Please give back all the records exactly, but keep the pictures out.

-- Opening Marker --

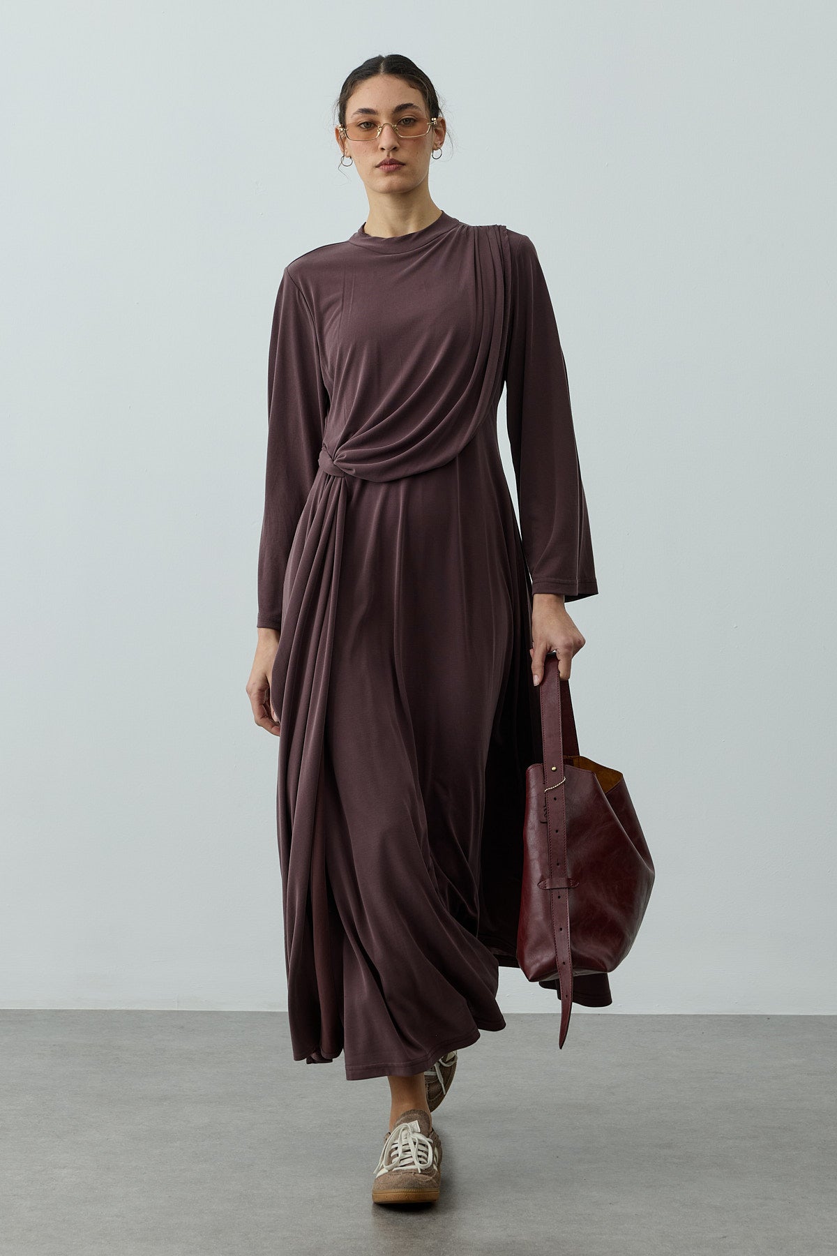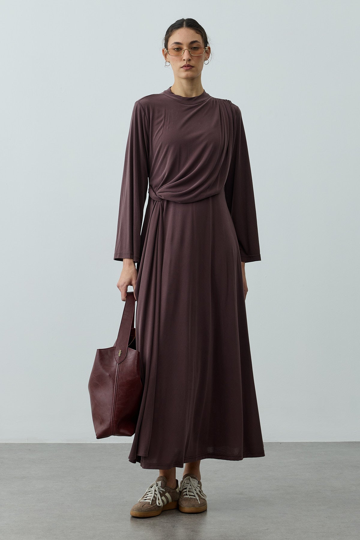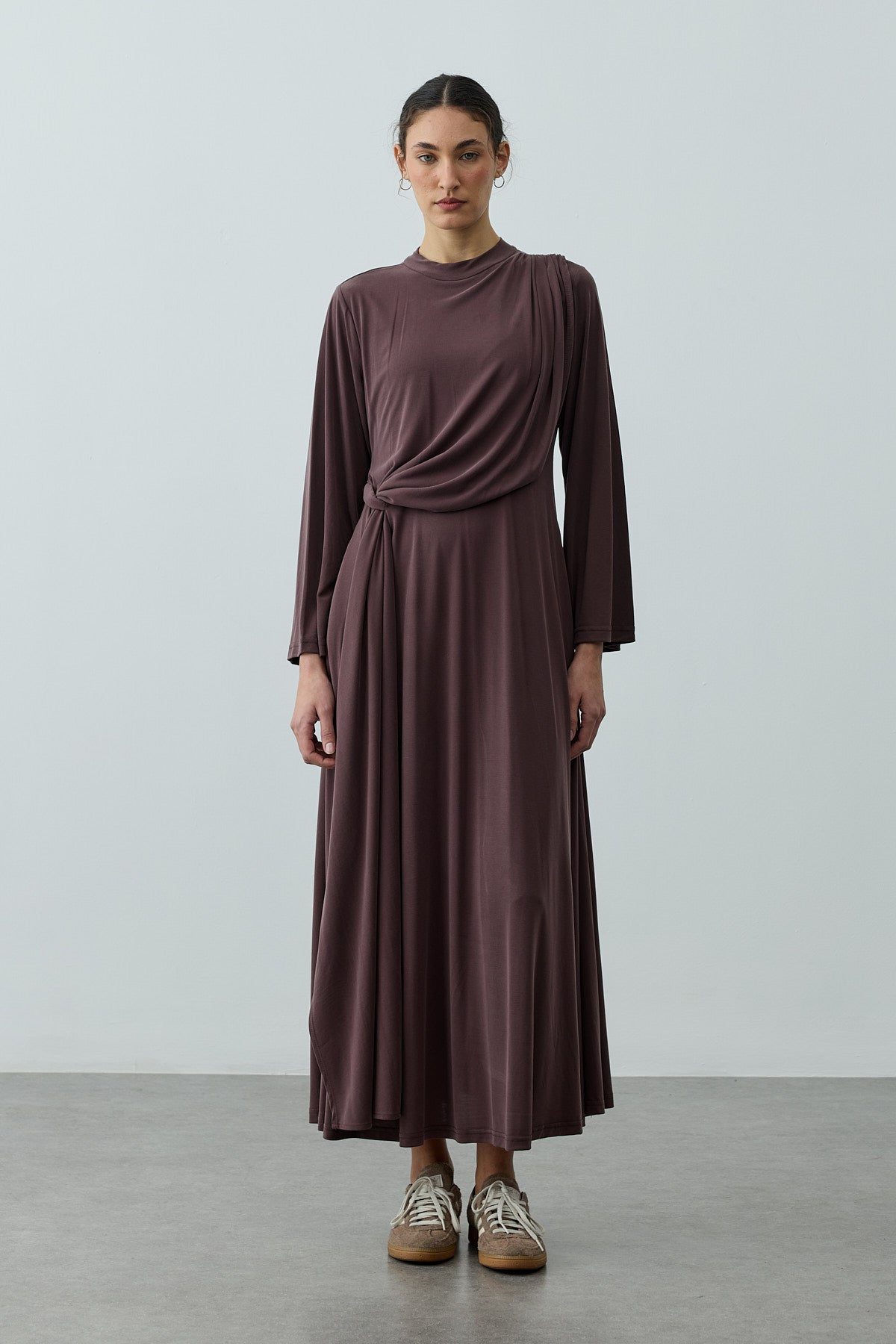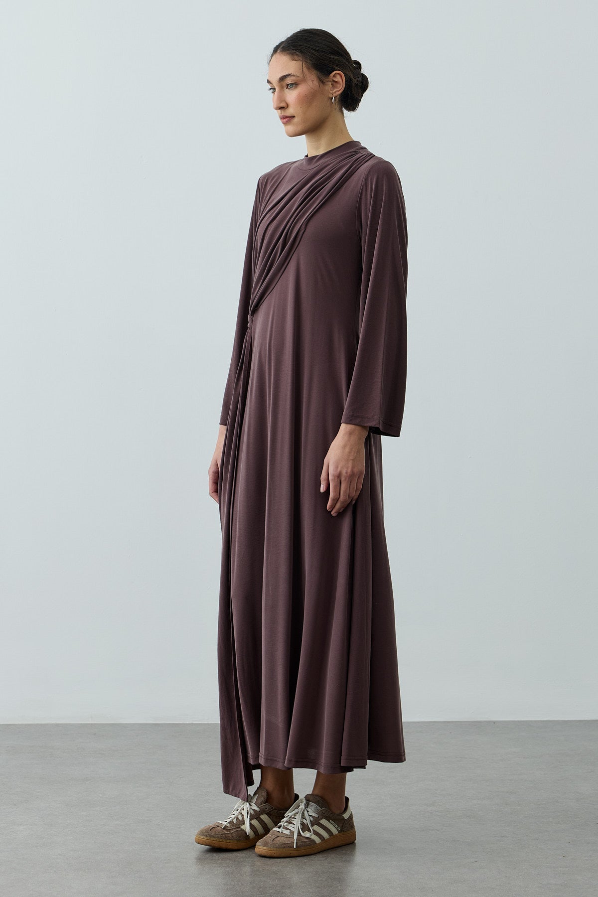 Parça Detaylı Modal Elbise Kahverengi
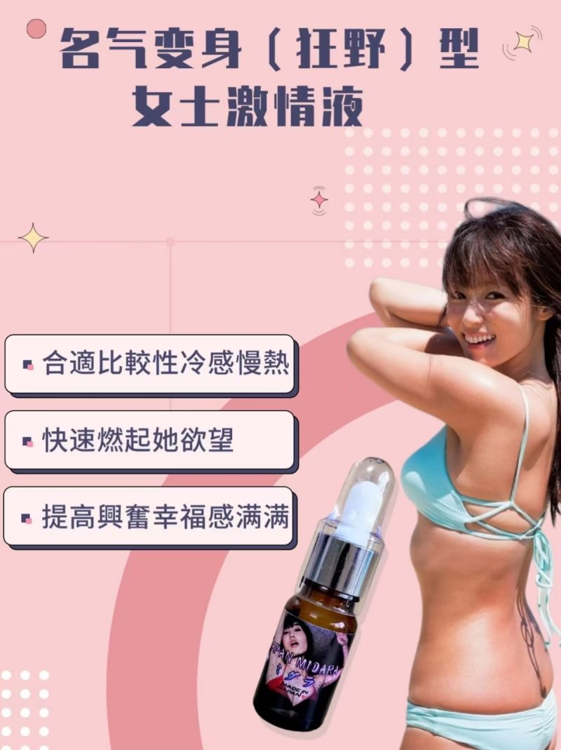 液體狀型,混合一種LEVEL UP愛情粉,可以將2-3cc ml 溶解在果汁或茶等飲料中飲用。戀愛前夕情侶一起喝很有效
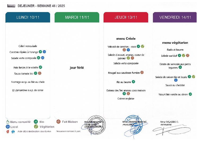 Menu de la semaine
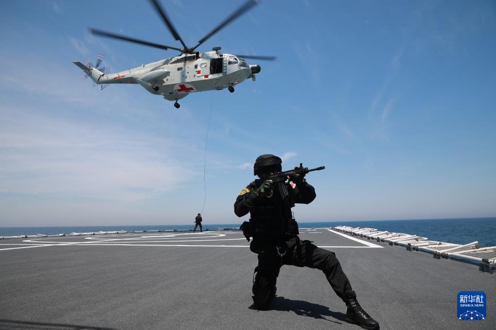 这是6月1日,中国海军“和平方舟”号医院船起航前组织特战队员索降训练。新华社发(刘志磊 摄)
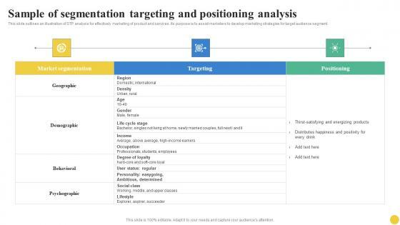 This slide outlines an illustration of STP analysis for effectively marketing of product and services. Its purpose is to assist marketers to develop marketing strategies for target audience segment. Whether you have daily or monthly meetings, a brilliant presentation is necessary. Sample Of Segmentation Targeting And Positioning Analysis User Segmentation Inspiration Pdf can be your best option for delivering a presentation. Represent everything in detail using Sample Of Segmentation Targeting And Positioning Analysis User Segmentation Inspiration Pdf and make yourself stand out in meetings. The template is versatile and follows a structure that will cater to your requirements. All the templates prepared by Slidegeeks are easy to download and edit. Our research experts have taken care of the corporate themes as well. So, give it a try and see the results. This slide outlines an illustration of STP analysis for effectively marketing of product and services. Its purpose is to assist marketers to develop marketing strategies for target audience segment.
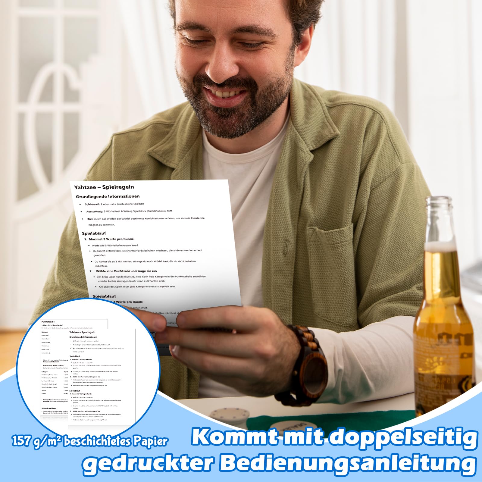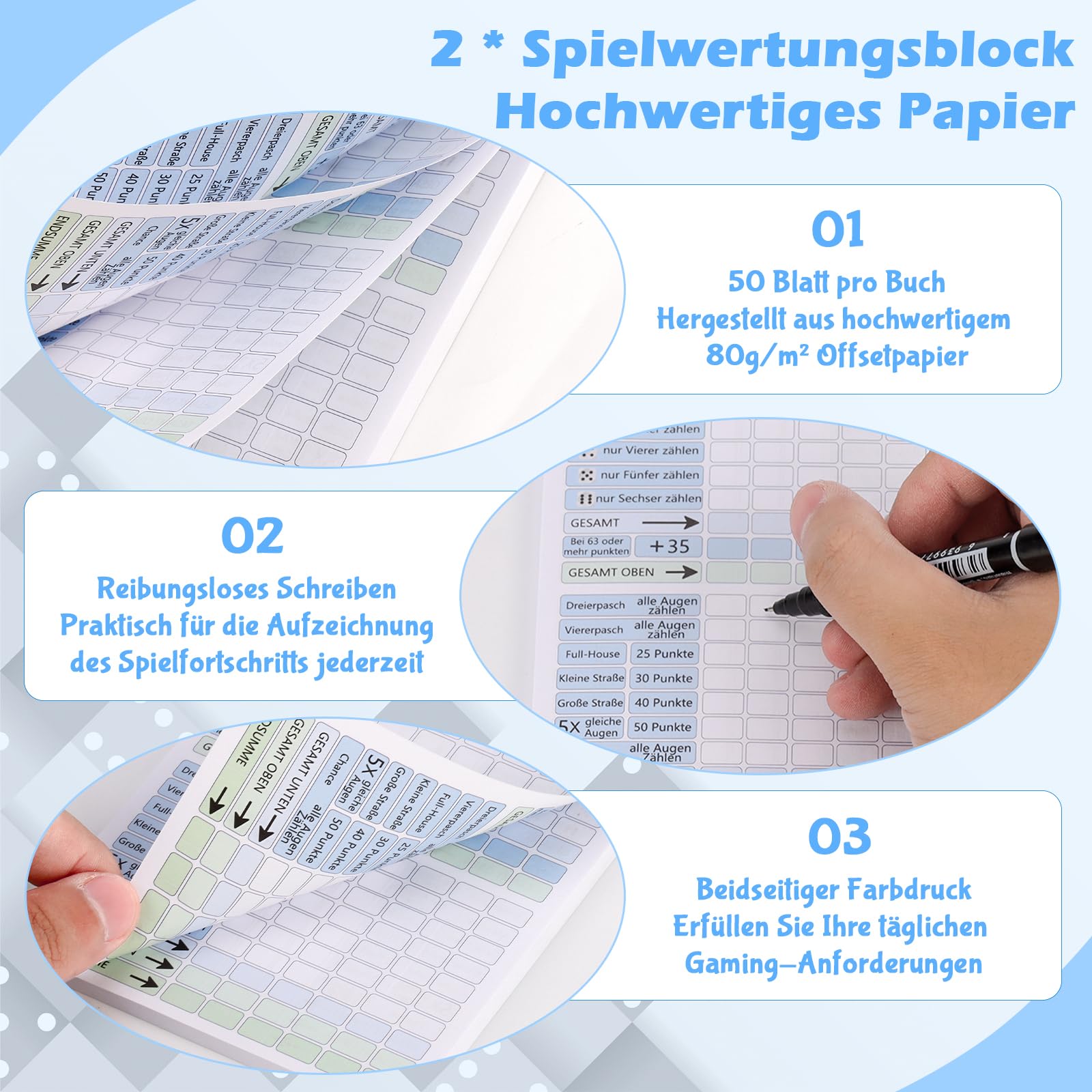 • HIGH QUALITY PRINTING & HIGH QUALITY MATERIAL All counting blocks are made of 80g double sided offset paper in color printing. This not only looks good, but is also durable and clearly records the results of each game round. The Gram and Speedboat Dice instructions are made of 157g thick coated paper with premium texture and comfortable feel. The blue flannel design of the dice tray provides an elegant gaming experience.
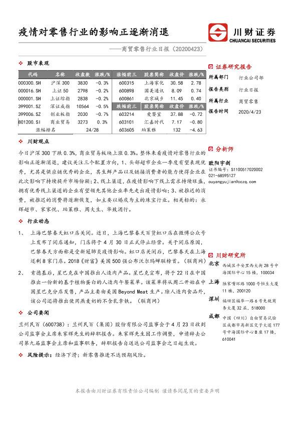 【川财证券】【20200423】商贸零售行业日报:疫情对零售行业的影响正逐渐消退-2页
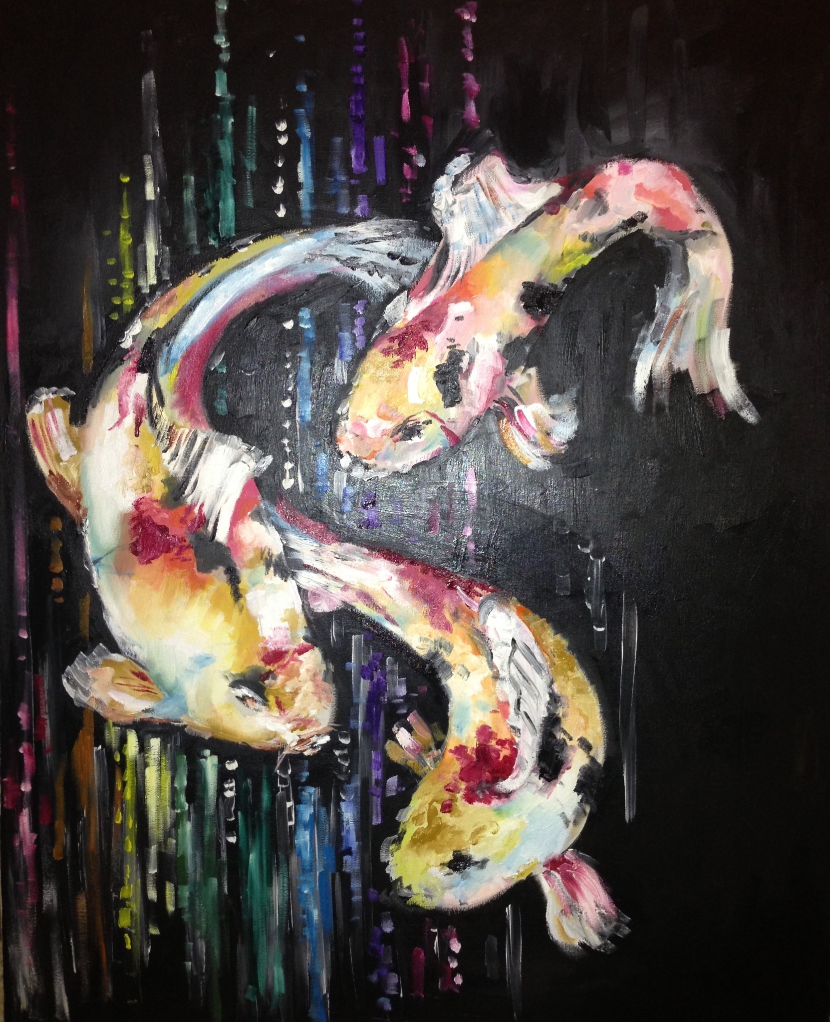I absolutely love this finished piece of three koi carp. It wasn’t an easy one to complete, I started this painting with an idea of a light background. After attempting to get a flattering spectrum of colours within the water glistens the colour just did not pop enough. A black background was suggested which made a huge different immediately. The colours were brought together and more framed and flattered, in keeping with the elegance of the movement of the fish.
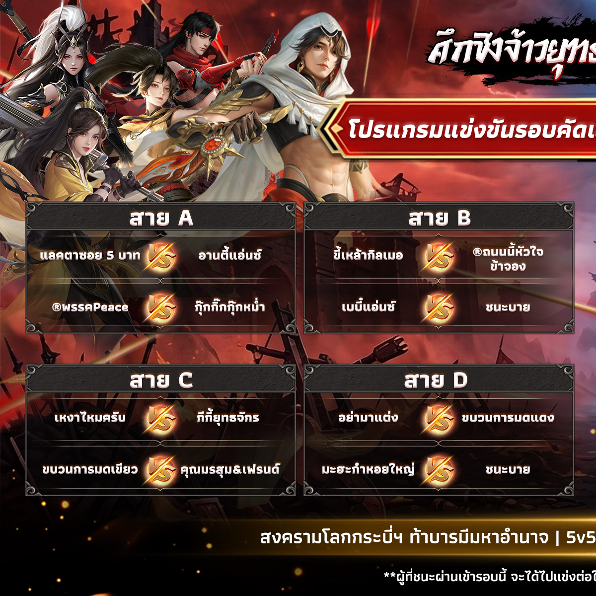 🧐ย้ำอีกทีว่ารอบนี้ทีมไหนพ่ายแพ้จะตกรอบทันที!! แล้วก็ต้องนัดแข่งกันเองตามเวลา 18:00 น. – 20:30 น. (หรือแล้วแต่จะตกลงกัน) หากสามารถฝ่าฟันผ่านไปได้ จนเหลือ 8 ทีมสุดท้าย ก็จะเข้าสู่รอบตัดสิน ที่จะแข่ง 23 – 25 มี.ค. 69 รูปแบบ Double Elimination (แพ้ตกรอบได้ 1 ครั้ง) มี Live สด แสดงฝีมือให้ผู้คนประจักษ์ ฉะนั้นบอกเลยว่า เดือด!!🔥

-- Closing Marker --

- [Your response]
 Parça Detaylı Modal Elbise Kahverengi
 液體狀型,混合一種LEVEL UP愛情粉,可以將2-3cc ml 溶解在果汁或茶等飲料中飲用。戀愛前夕情侶一起喝很有效
 Menu de la semaine
 这是6月1日,中国海军“和平方舟”号医院船起航前组织特战队员索降训练。新华社发(刘志磊 摄)
 This slide outlines an illustration of STP analysis for effectively marketing of product and services. Its purpose is to assist marketers to develop marketing strategies for target audience segment. Whether you have daily or monthly meetings, a brilliant presentation is necessary. Sample Of Segmentation Targeting And Positioning Analysis User Segmentation Inspiration Pdf can be your best option for delivering a presentation. Represent everything in detail using Sample Of Segmentation Targeting And Positioning Analysis User Segmentation Inspiration Pdf and make yourself stand out in meetings. The template is versatile and follows a structure that will cater to your requirements. All the templates prepared by Slidegeeks are easy to download and edit. Our research experts have taken care of the corporate themes as well. So, give it a try and see the results. This slide outlines an illustration of STP analysis for effectively marketing of product and services. Its purpose is to assist marketers to develop marketing strategies for target audience segment.
 • HIGH QUALITY PRINTING & HIGH QUALITY MATERIAL All counting blocks are made of 80g double sided offset paper in color printing. This not only looks good, but is also durable and clearly records the results of each game round. The Gram and Speedboat Dice instructions are made of 157g thick coated paper with premium texture and comfortable feel. The blue flannel design of the dice tray provides an elegant gaming experience.
 【川财证券】【20200423】商贸零售行业日报:疫情对零售行业的影响正逐渐消退-2页
I absolutely love this finished piece of three koi carp. It wasn’t an easy one to complete, I started this painting with an idea of a light background. After attempting to get a flattering spectrum of colours within the water glistens the colour just did not pop enough. A black background was suggested which made a huge different immediately. The colours were brought together and more framed and flattered, in keeping with the elegance of the movement of the fish.
 🧐ย้ำอีกทีว่ารอบนี้ทีมไหนพ่ายแพ้จะตกรอบทันที!! แล้วก็ต้องนัดแข่งกันเองตามเวลา 18:00 น. – 20:30 น. (หรือแล้วแต่จะตกลงกัน) หากสามารถฝ่าฟันผ่านไปได้ จนเหลือ 8 ทีมสุดท้าย ก็จะเข้าสู่รอบตัดสิน ที่จะแข่ง 23 – 25 มี.ค. 69 รูปแบบ Double Elimination (แพ้ตกรอบได้ 1 ครั้ง) มี Live สด แสดงฝีมือให้ผู้คนประจักษ์ ฉะนั้นบอกเลยว่า เดือด!!🔥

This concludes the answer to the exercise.